• EXERCISE DESCRIPTION: Take the entries below and write them out exactly, with each picture removed.
====================
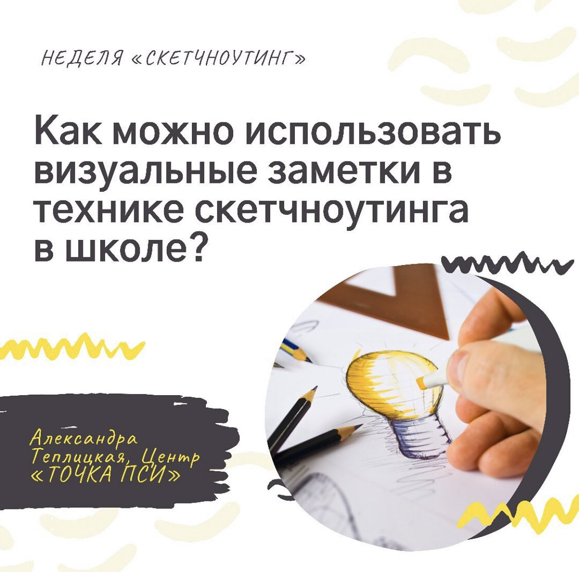 #Скетчноутинг – это техника создания визуальных заметок с помощью системы образов и слов. Зачем она может пригодиться учителю в его повседневной работе? В нашем он-лайн курсе «Скетчноутинг: как просто и эффективно научить детей работать с информацией» мы выделили топ-6 лучших вариантов. Продолжение в галерее ⤵️ Узнать о том, как создавать визуальные заметки, как научить этому детей и сделать свои уроки ярче и эффективнее, вы можете, пройдя наш курс: «Скетчноутинг: как просто и эффективно научить детей работать с информацией» 🟨 Почитать о курсе подробнее и зарегистрироваться можно на сайте проекта: https://tochkapsy.getcourse.ru/sketchnoting
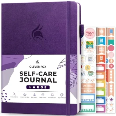 Clever Fox Self Care Journal Daily Reflection Notebook Mental Health & Personal Development Planner, Meditation Mood Log, Large (Purple)
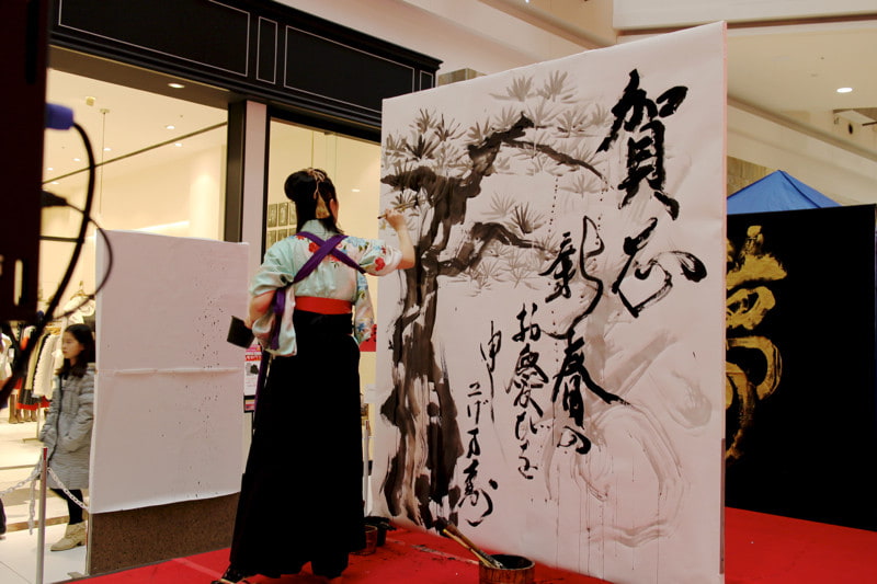 To celebrate the New Year, I held a series of “New Year’s Calligraphy Performances & Kakizome Workshops” at major shopping malls in the Tokai region.
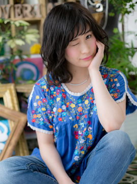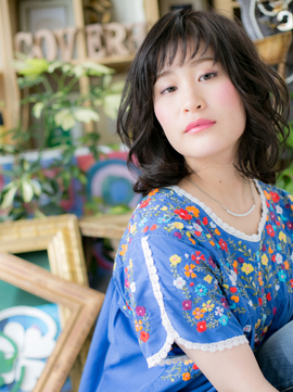 透け感あるフリンジバングと顔周りで揺らめくエアリーカールで軽やかに。黒髪でも重めスタイルにならず、大人かわいい仕上がりに。知的なハンサムミディはオフィスウケもバッチリです!(メイク担当:北浦和店 近藤)
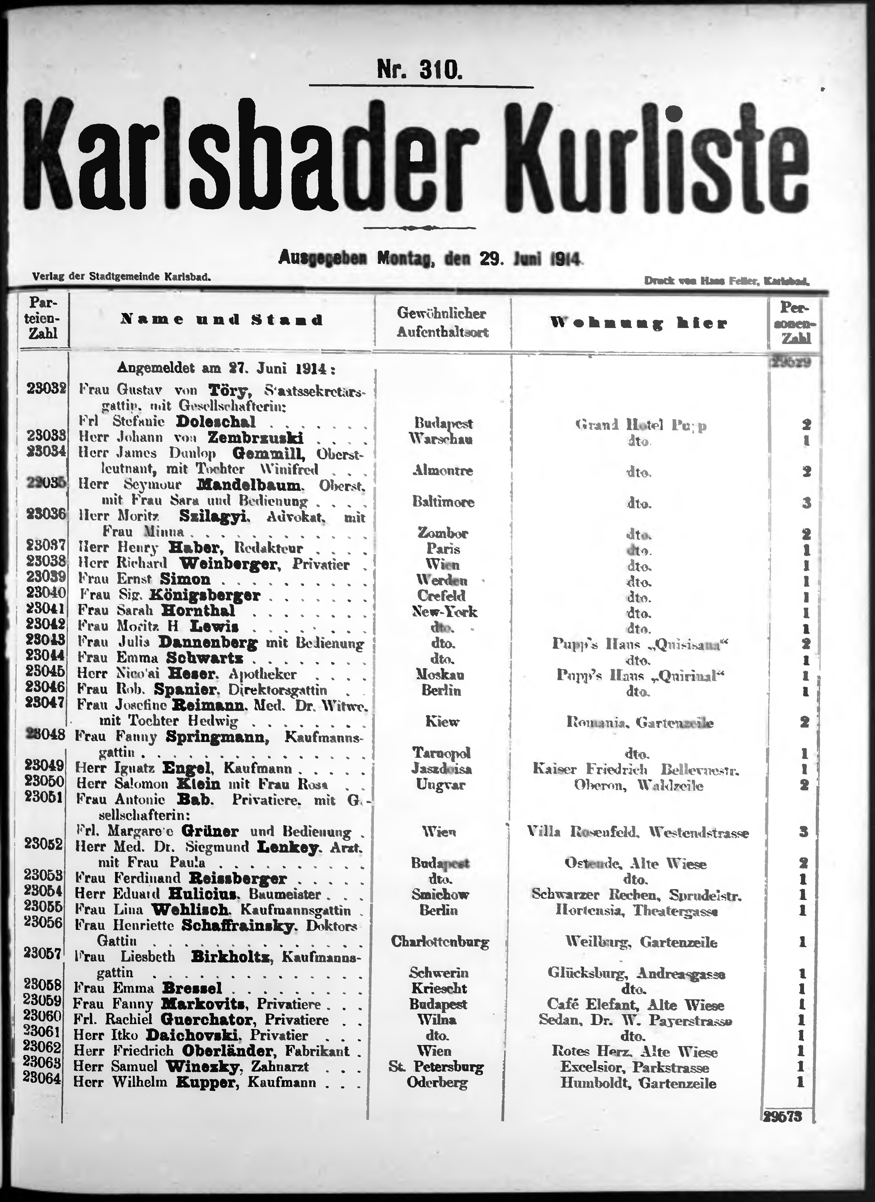 Liste der im Jahre ... angekommenen und abgereisten Kur- und Badegäste in Karlsb...
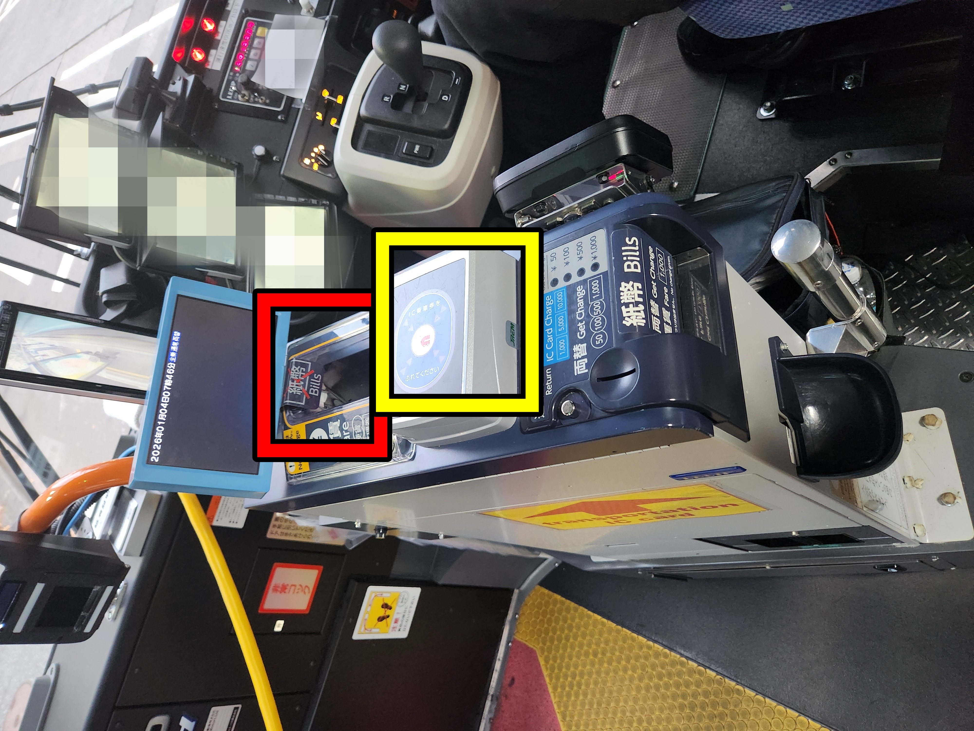 기사님 옆자리에 위치한 운임 지불기의 교통카드 단말기(노란색 사각형 안)에 카드를 태그
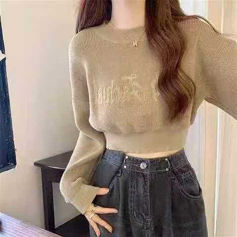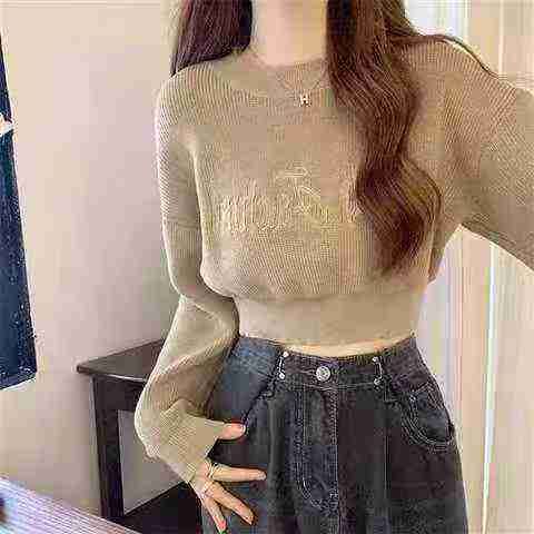 秋冬新款辣妹纯欲风短款刺绣针织套头毛衣,独立包装,均码面料柔软舒适,23...
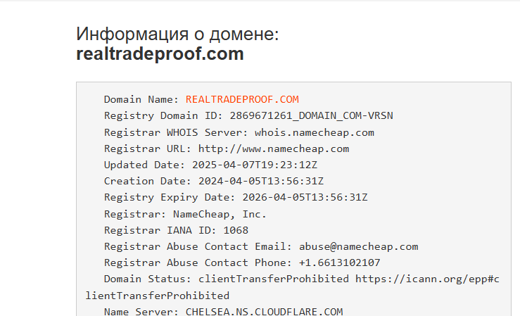 Связаться с поддержкой можно по телефону, email support @ realtradeproof com или онлайн-чат. В разделе «О нас» указано, что компания основана в 2015 году, а в 2017 вышла на международный уровень. Анализ доменного имени на whois ru показал, что его зарегистрировали в апреле 2024 года. Это не совпадает с заявлением владельцев, поэтому к их честности возникают вопросы.
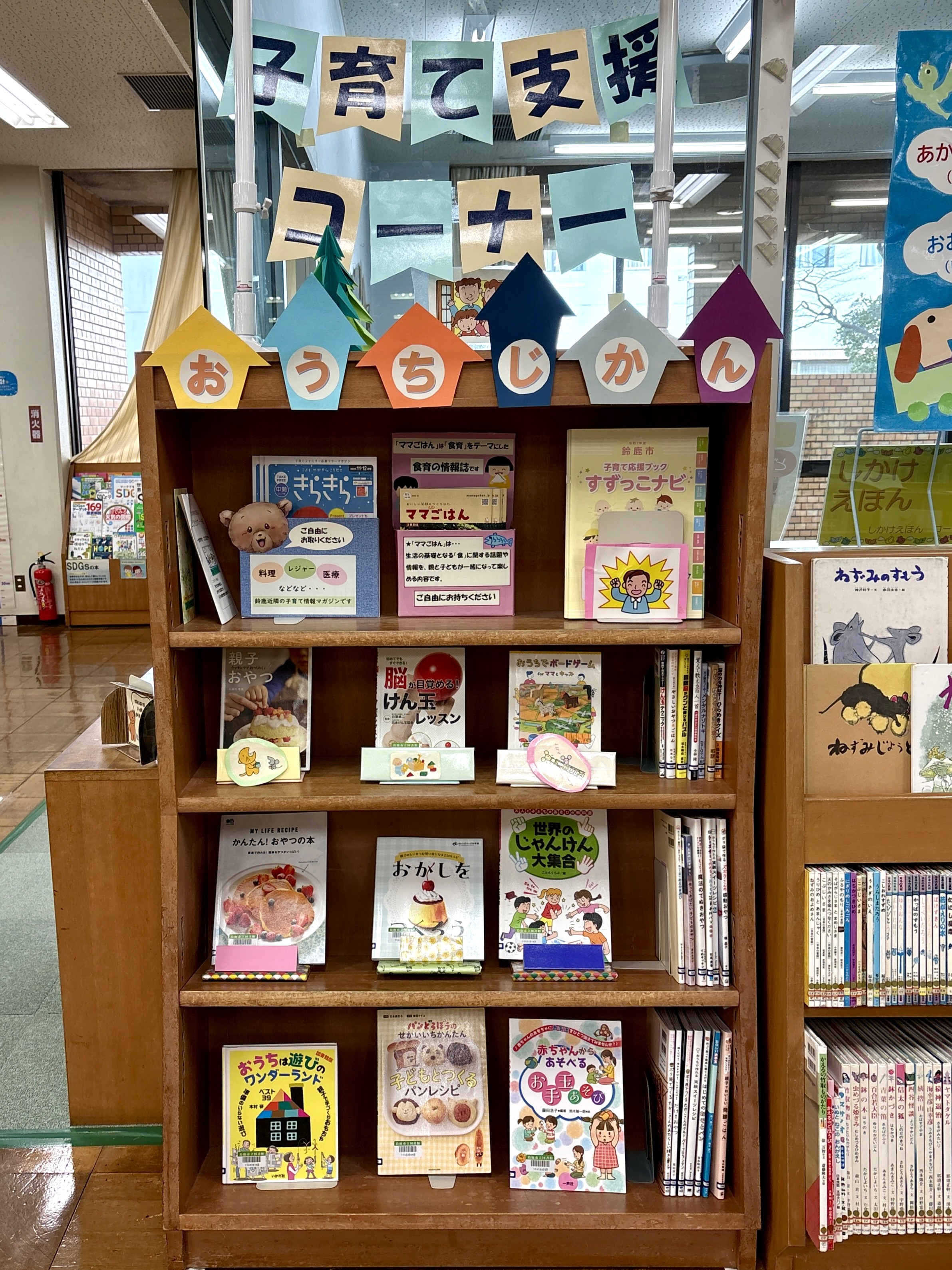 本館では“おはなしのへや”に書棚を設置し、サカタ様からの寄贈本を配架しております。
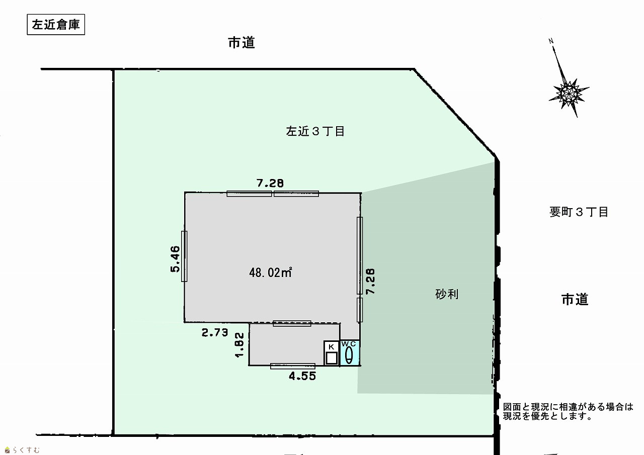 | 物件名 | 左近3丁目 倉庫・軽作業場 ゆったりの角敷地 約68坪 | ||
====================
• ANSWER TO THE EXERCISE:
 #Скетчноутинг – это техника создания визуальных заметок с помощью системы образов и слов. Зачем она может пригодиться учителю в его повседневной работе? В нашем он-лайн курсе «Скетчноутинг: как просто и эффективно научить детей работать с информацией» мы выделили топ-6 лучших вариантов. Продолжение в галерее ⤵️ Узнать о том, как создавать визуальные заметки, как научить этому детей и сделать свои уроки ярче и эффективнее, вы можете, пройдя наш курс: «Скетчноутинг: как просто и эффективно научить детей работать с информацией» 🟨 Почитать о курсе подробнее и зарегистрироваться можно на сайте проекта: https://tochkapsy.getcourse.ru/sketchnoting
 Clever Fox Self Care Journal Daily Reflection Notebook Mental Health & Personal Development Planner, Meditation Mood Log, Large (Purple)
 To celebrate the New Year, I held a series of “New Year’s Calligraphy Performances & Kakizome Workshops” at major shopping malls in the Tokai region.
 透け感あるフリンジバングと顔周りで揺らめくエアリーカールで軽やかに。黒髪でも重めスタイルにならず、大人かわいい仕上がりに。知的なハンサムミディはオフィスウケもバッチリです!(メイク担当:北浦和店 近藤)
 Liste der im Jahre ... angekommenen und abgereisten Kur- und Badegäste in Karlsb...
 기사님 옆자리에 위치한 운임 지불기의 교통카드 단말기(노란색 사각형 안)에 카드를 태그
 秋冬新款辣妹纯欲风短款刺绣针织套头毛衣,独立包装,均码面料柔软舒适,23...
 Связаться с поддержкой можно по телефону, email support @ realtradeproof com или онлайн-чат. В разделе «О нас» указано, что компания основана в 2015 году, а в 2017 вышла на международный уровень. Анализ доменного имени на whois ru показал, что его зарегистрировали в апреле 2024 года. Это не совпадает с заявлением владельцев, поэтому к их честности возникают вопросы.
 本館では“おはなしのへや”に書棚を設置し、サカタ様からの寄贈本を配架しております。
 | 物件名 | 左近3丁目 倉庫・軽作業場 ゆったりの角敷地 約68坪 | ||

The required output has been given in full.